Ogni Fine è un nuovo Inizio.
Dura da accettare, ma è proprio così.
Perchè fatichiamo così tanto ad accettarlo?
Perchè noi umani dal freno a mano tirato tendiamo a focalizzarci solo sul senso di mancanza che la fine di qualcosa genera in noi. Non riusciamo a guardare oltre. Resistiamo tenaci all'idea del cambiamento, rafforzando la percezione distorta che la fine di qualcosa coincida con la morte, il buco nero che tutto inghiotte senza curarsi dei nostri sentimenti. Sarebbe sufficiente aprire il grandangolo, per comprendere che non è così. Il cambiamento è vita, mentre è la staticità dell'immobilità delle cose sempre uguali ad avvicinarci maggiormente alla morte.
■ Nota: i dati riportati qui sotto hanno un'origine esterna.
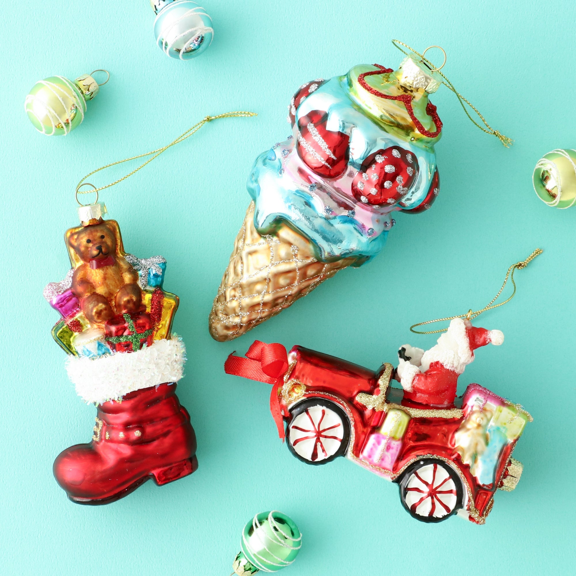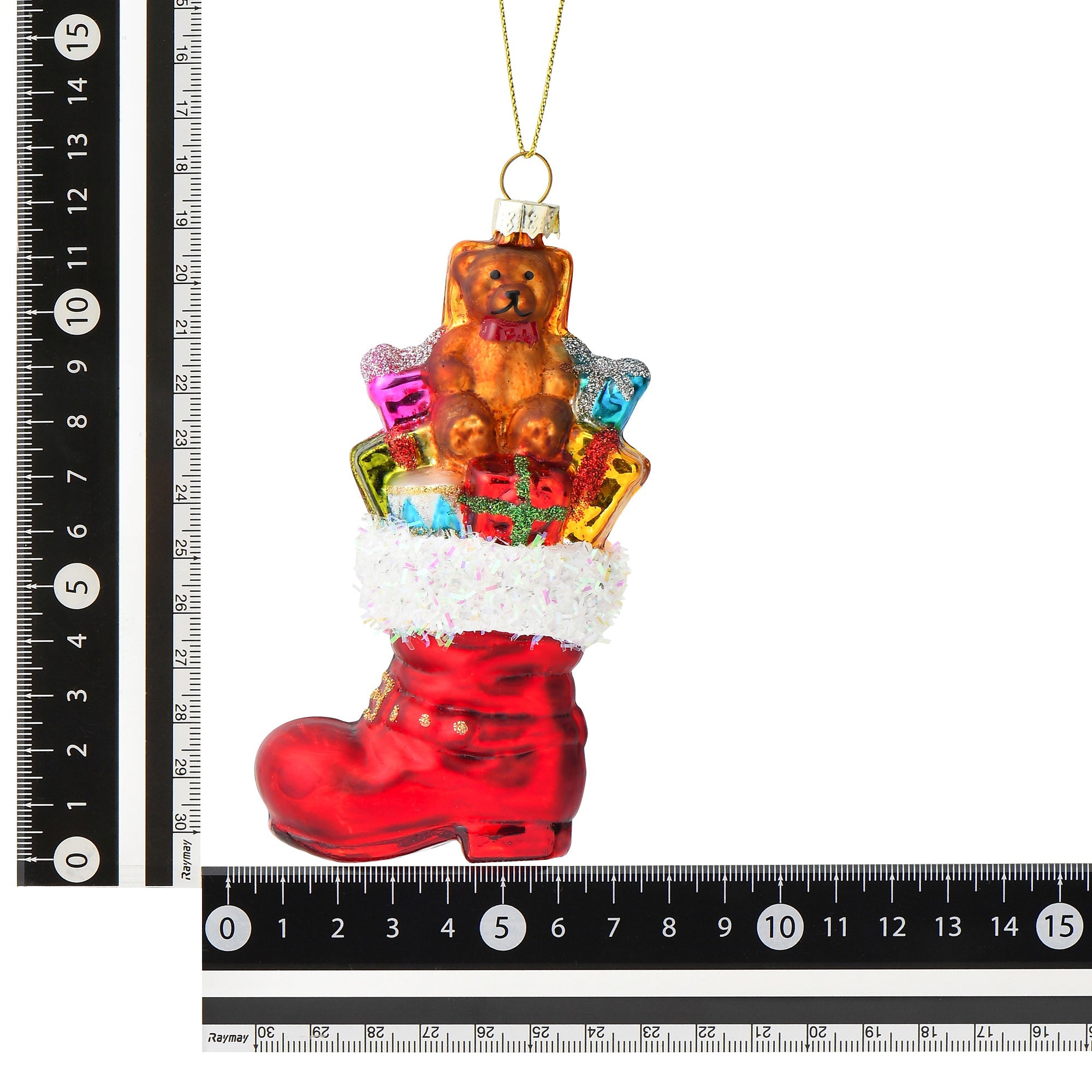 プレゼントがいっぱい詰まったブーツをモチーフにしたガラスオーナメントです。

Una morte lenta e inesorabile dei giorni sempre uguali a se stessi. Eppure noi consideriamo l'abitudine stabilità e ritroviamo in essa la bara in cui accomodarci al riparo dagli scherzi della vita. Gente strana noi umani che abbiamo fatto del parcheggio il viaggio. Un viaggio che si ferma ancor prima di cominciare perchè ciò che non conosciamo ci spaventa da morire (!!! battutaccia). Ed ecco il guerriero difensore del tutto uguale ergersi a menar fendenti a qualsivoglia tentativo di innovazione e la mente, sua alleata, a supportarne l'intento con giudizi, giustificazioni e paure. Così nascono le resistenze, le nostre strenue resistenze al cambiamento e la fatica dello scontro.
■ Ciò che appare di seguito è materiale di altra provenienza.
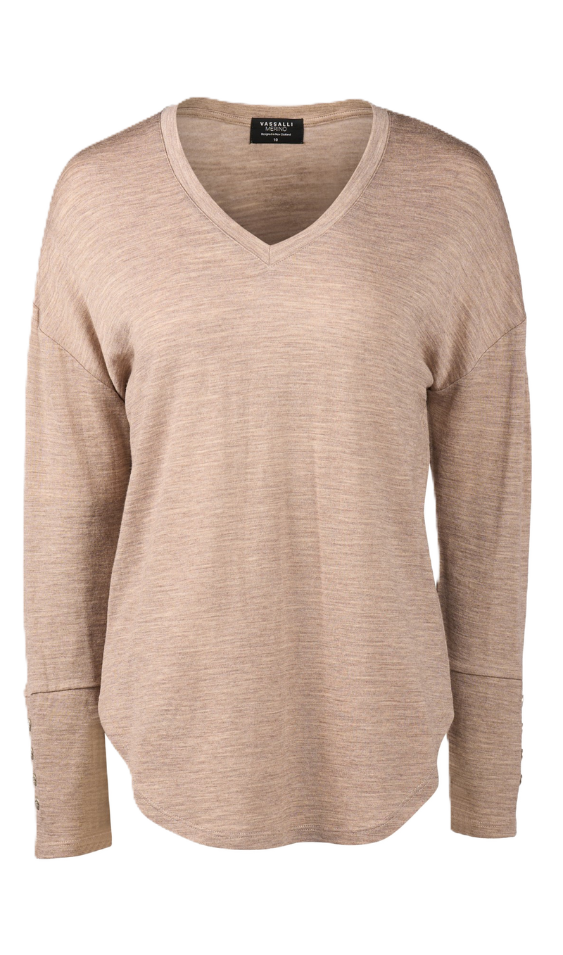 The 4465 COFFEE CREAM Easy Fit Button Cuff V Neck Top made in Silky Superfine Merino is an Easy Fit, that doesn't cling. The sides are normal length, with added front and back length which not only looks smart, it doesn't un-tuck when you raise your arms. Perfect for adding under an open jacket when you want a fine layer for added warmth, without the bulk of a knitted jumper. Enjoy the wonder of a Cozy Warm Layer that is silky to the touch, but not bulky.

Non ha più importanza il fatto che l'abitudine mi crei disagio e mi prosciughi energeticamente, il fatto che io sia cambiato e le situazioni debbano supportare la mia trasformazione: ho talmente paura che me la faccio sotto e preferisco lo status quo delle cose sempre uguali. Se poi gli altri si permettono di giudicare ogni presa di posizione differente dall'abitudine, il gioco è fatto. Sono morto in partenza: al mio guerriero difensore del tutto uguale e alla mia mente si allea pure il pubblico del mio teatrino personale. Le forze scemano e mi accascio al suolo di fronte ad un esercito di tal portata.
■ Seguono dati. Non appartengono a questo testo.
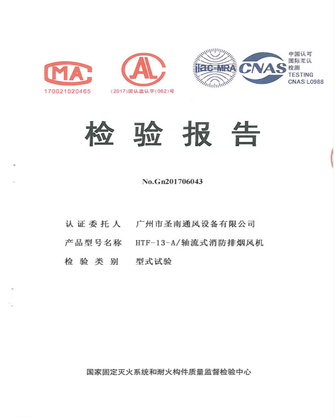 HTF-13-A 軸流式消防風(fēng)機(jī)檢驗(yàn)報(bào)告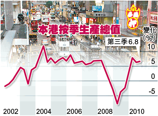 【本報訊】港府公佈第3季經濟增長持續,期內本地生產總值(GDP)增6.8%,按季升0.7%,是連續第6個季度擴張。政府經濟顧問陳李藹倫提醒,要注意資產市場泡沫,雖然目前按揭供款負擔比率為42%,與過去20年的53%平均數仍有距離,但強調按息若上升3厘,有關比率便會攀至相關水平。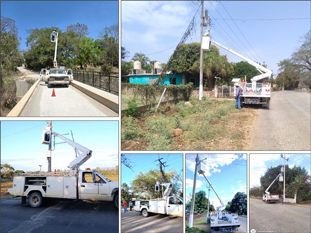 • Por instrucción del alcalde Melchor Budarth Báez, cuadrillas municipales rehabilitaron el alumbrado público en los ejidos El Pensil, Flores Magón y la zona de Puente Españita.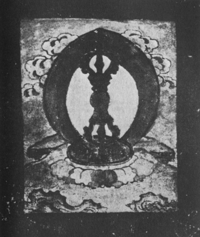 This Gtor-ma itself is identical with Buddha Vajrapani, the Master of the Esoteric Teachings. From it emanate infinite beams of light shining upon Buddha's Pure Lands in the ten directions, attracting hundreds of thousands of Buddha Vajrapanis, large and small, from the Aog-min Heaven and also from the north side of Mount Sumeru, together with infinite Garlands of Mantra and five-spoked thunderbolts to come down here. They all enter into your

Risultato? Ingoio rospi, rane e raganelle e continuo imperterrito a fare come ho sempre fatto.
Fino al crollo psico-fisico. A quel punto, però, sono oggettivamente senza forze e cambiare le cose diviene molto più complicato.
Ribaltiamo lo schema. Se una responsabilità che ho scelto in passato diviene un peso intollerabile per via della mia trasformazione e diviene una responsabilità espansa che si disperde su chi mi sta intorno (e non l'ha scelta) è importante prenderne consapevolezza e trovare il coraggio di ammetterlo con se stessi. Le scelte che operiamo consapevolmente sono necessarie alla nostra crescita e va da sè che cambiano nel tempo. Il movimento fa parte della vita e dell'evoluzione personale e nel momento in cui ci blocchiamo, rinunciamo al viaggio che abbiamo intrapreso con la nascita. Un po' come scegliere di restare sempre bambini perchè le responsabilità ci fanno paura o ci richiedono un impegno di cui non vogliamo farci carico.
Se la vita si sviluppa nel movimento vi è un significato più profondo di quanto le nostre menti dal freno tirato possano comprendere. Il nostro viaggio è allo stesso tempo il viaggio di chi amiamo, di chi ci accompagna, di coloro che incontriamo e di coloro che semplicemente incrociamo o vediamo da lontano. Ogni viaggio ha un suo percorso ben preciso ed ognuno è responsabile solamente del proprio viaggio personale (mentre a volte ci espandiamo così tanto - al contrario di coloro che scelgono l'infanzia come modo d'essere - da sentirci responsabili per il mondo intero). Gli eventi e i cambiamenti si sviluppano sempre per il nostro sommo bene, per indurci a scegliere e andare oltre: avendo dimenticato la fiducia in un progetto più grande, ci limitiamo a guardare il tutto con un macroobiettivo focalizzato sul nostro essere vittime e così non riusciamo più a cogliere il senso di quanto sia naturale che la fine di qualcosa sia semplicemente un nuovo inizio. Per noi e per gli altri.